X1 Shape: (896, 4096)
X2 Shape: (896, 4096)
y Shape: (896,)


In [349]:
from sklearn.model_selection import train_test_split
X1_train,X1_test,y_train,y_test = train_test_split(X1,y,test_size =0.333, random_state = 42)
X2_train,X2_test,y_train,y_test = train_test_split(X2,y,test_size =0.333, random_state = 42)

In [350]:
print("Accuracy scores of models built on data that is text normalized using Stemming Process:")
print(" ")
classifiers = [GaussianNB(), BernoulliNB(), SVC(), LogisticRegression()]
for classifier in classifiers:
    classifier.fit(X1_train, y_train)
    y_pred = classifier.predict(X1_test)
    print("Accuracy score of {} is:{}".format(classifier, accuracy_score(y_test, y_pred)))
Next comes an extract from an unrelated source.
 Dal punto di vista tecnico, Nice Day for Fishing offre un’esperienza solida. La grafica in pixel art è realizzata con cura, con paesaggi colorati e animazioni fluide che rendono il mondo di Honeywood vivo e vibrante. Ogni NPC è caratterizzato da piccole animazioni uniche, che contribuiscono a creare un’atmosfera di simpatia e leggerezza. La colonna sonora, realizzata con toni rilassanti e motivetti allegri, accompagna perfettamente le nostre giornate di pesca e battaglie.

Accuracy scores of models built on data that is text normalized using Stemming Process:
 
Accuracy score of GaussianNB() is:0.6722408026755853
Accuracy score of BernoulliNB() is:0.6086956521739131
Accuracy score of SVC() is:0.7424749163879598
Accuracy score of LogisticRegression() is:0.7190635451505016


In [351]:
print("Accuracy scores of models built on data that is text normalized using Lemmatizing Process:")
print(" ")
for classifier in classifiers:
    classifier.fit(X2_train, y_train)
    y_pred = classifier.predict(X2_test)
    print("Accuracy score of {} is:{}".format(classifier, accuracy_score(y_test, y_pred)))
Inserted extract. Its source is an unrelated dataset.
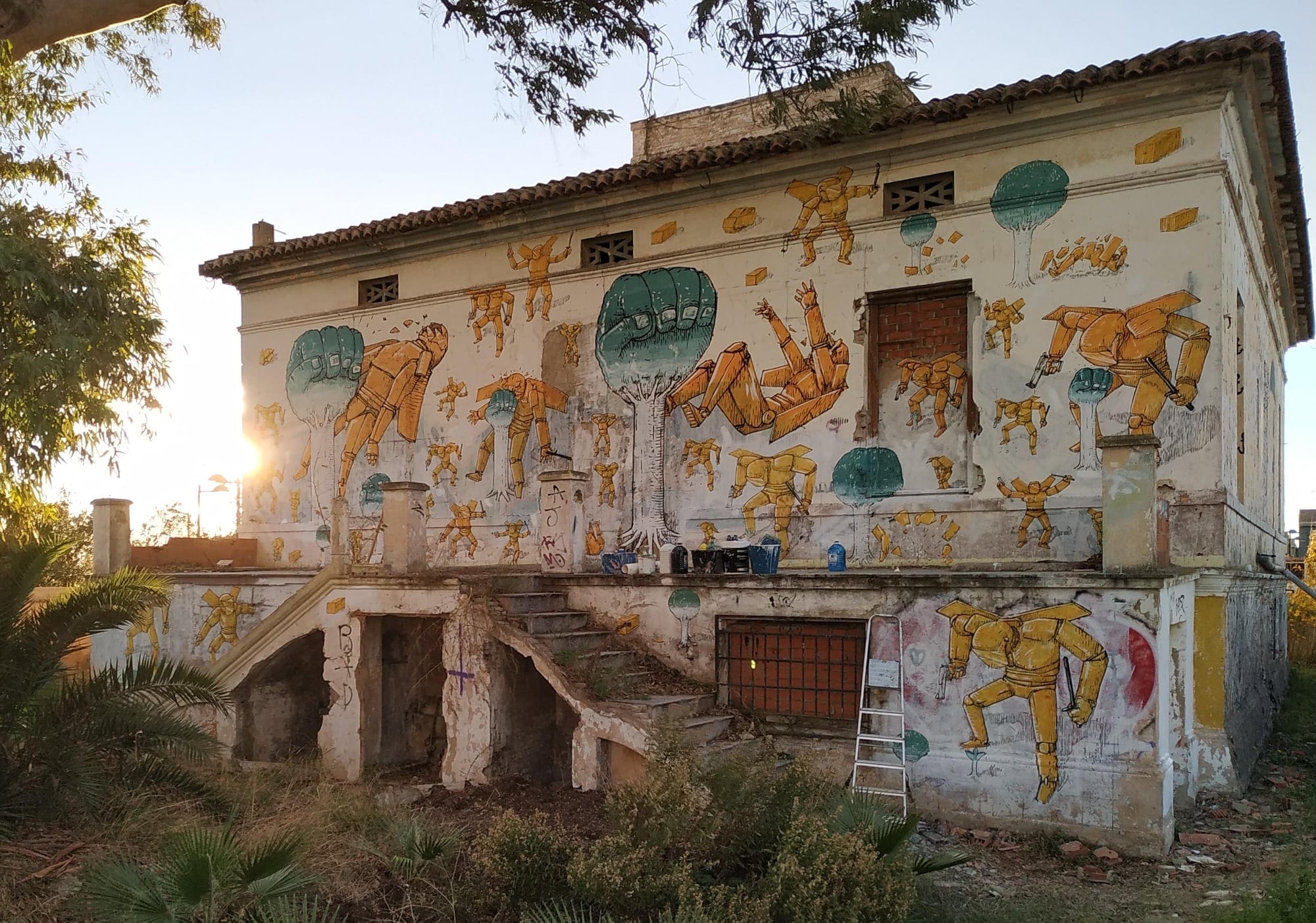 The 2022 festival centered around the government’s extension of the industrial area to the north, which would “mean, among many other things, the final lunging to the beaches of l’Albufera (and) the multiplication of air pollution of ships and truck traffic.” Part of a movement to halt the proposal, the public art event brought several muralists to the city, including Blu, whose multi-part work features a battle between fist-shaped trees and port defenders.

Accuracy scores of models built on data that is text normalized using Lemmatizing Process:
 
Accuracy score of GaussianNB() is:0.6488294314381271
Accuracy score of BernoulliNB() is:0.6020066889632107
Accuracy score of SVC() is:0.745819397993311
Accuracy score of LogisticRegression() is:0.7357859531772575


##  

## Inferences:

#### 1. It can be seen that models MultinomialNB and LogisticRegression performed better above all, in case of Count vectorization.
#### 2. Stemming is better with Countvector narmalization technique.
#### 3. Lemmazation is better with tf_idf vectorization.
#### 4. Irrespective of Stemming or Lemmatizing and Bag words techqniue or Tf_idf vectorizations Bernoulli Naive Bayes model perfromed the same with an accuracy score of ##### 0.7090301003344481.
#### 5. It is observed that with Hashing technique there are diffficulties in building MultinomialNB model.
#### 6. Models built on hash vectorized data performs least for SENTIMENT ANALYSIS.
#### 7. Stemming + CountVectorizer is best suited for Sentiment Analysis.